A ex-namorada de Endreo Lincoln Ferreira da Cunha, suspeito do feminicídio da modelo baiana Ana Luiza Mateus, no Rio de Janeiro, afirmou que foi vítima de violência durante o relacionamento com ele.

Ana Luiza morreu após cair do 13° andar de um prédio localizado no Bairro da Tijuca, na quarta-feira (22). Endreo Ferreira foi preso em flagrante, suspeito do feminicídio, ainda na quarta-feira. Horas depois, ele tirou a própria vida na cadeia.

Em entrevista ao Bahia Meio Dia, da TV Bahia, na quinta-feira (23), a mulher, que é do estado do Mato Grosso do Sul e preferiu não se identificar, relatou episódios de sequestro, agressões físicas e ameaças de morte há cerca de seis meses.

“Ele me sequestrou, me levou para casa dele e me manteve em cárcere privado por quase 24 horas, preferindo ameaças, e tentou me matar. Eu tive traumatismo craniano no rosto em dois lugares e foram horas de muito medo. Foram diversos socos no rosto e no corpo. Ele tentou me matar asfixiada com um cinto”, contou.

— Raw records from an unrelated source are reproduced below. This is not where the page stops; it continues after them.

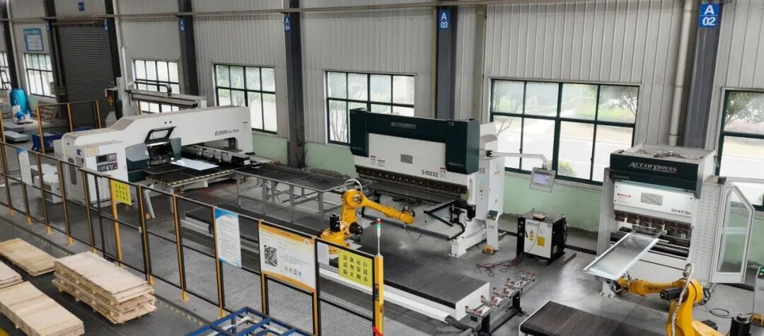 这条先进的板材柔性折弯生产线由一台冲床自动上下料和两台折弯机器人联动组成,实现了全流程自动化作业。
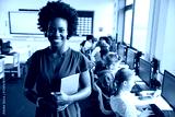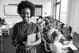 Portrait Of Female Teacher Holding Digital Tablet Teaching Line Of High School Students Sitting By Screens In Computer Class
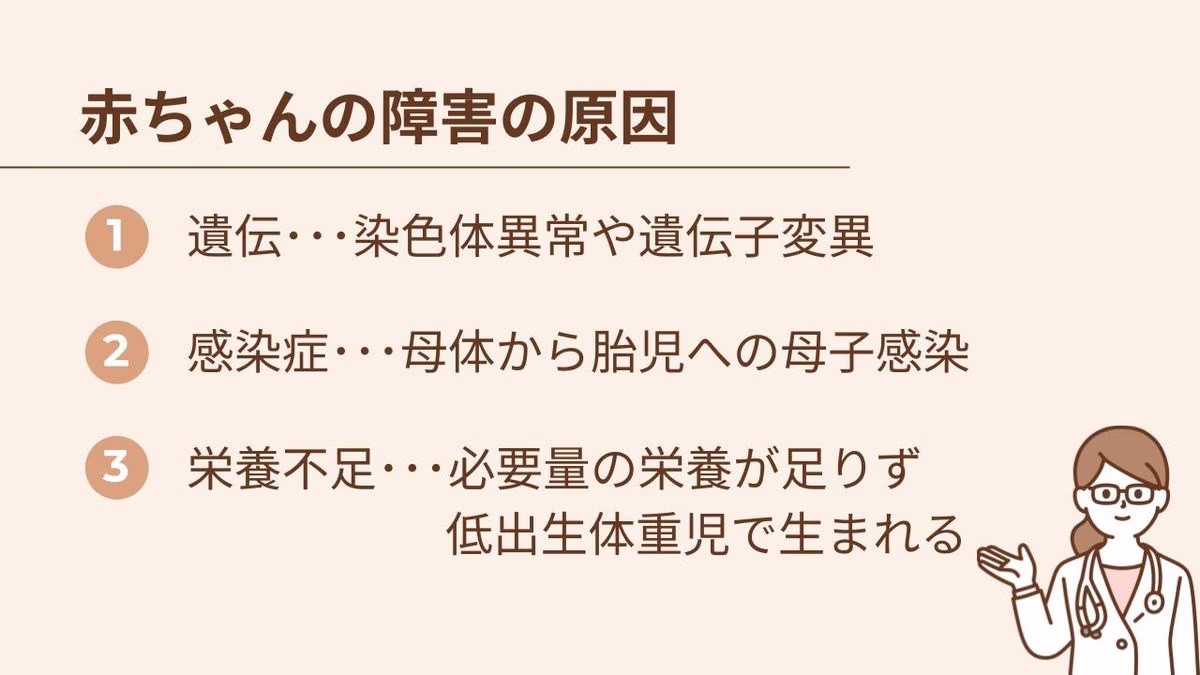 赤ちゃんの障害の原因には、遺伝、感染症、栄養不足などさまざまなものがあります。
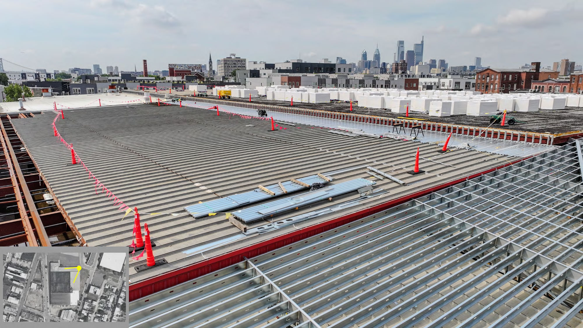 Construction of a new loading dock roof structure at existing distribution warehouse located on North 5th Street in Kensington, PA.

Segundo a mulher, após as agressões, ela foi obrigada a gravar um vídeo sob coerção. “Depois disso ele fez um vídeo meu todo ensaguentada onde ele fazia com que eu falasse para ele todas as coisas que ele queria ouvir”, falou a mulher.

Ela também descreveu o comportamento do suspeito. “Ele era extremamente ciumento, possessivo, ele tinha muito ciúme das minhas redes sociais porque eu sempre fui uma pessoa muito ativa por conta do meu trabalho. Eu uso muito as redes sociais e isso era algo que incomodava ele extremamente”. A ex-namorada disse que o relacionamento durou entre 3 a 4 meses e decidiu terminar a relação após perceber o comportamento dele.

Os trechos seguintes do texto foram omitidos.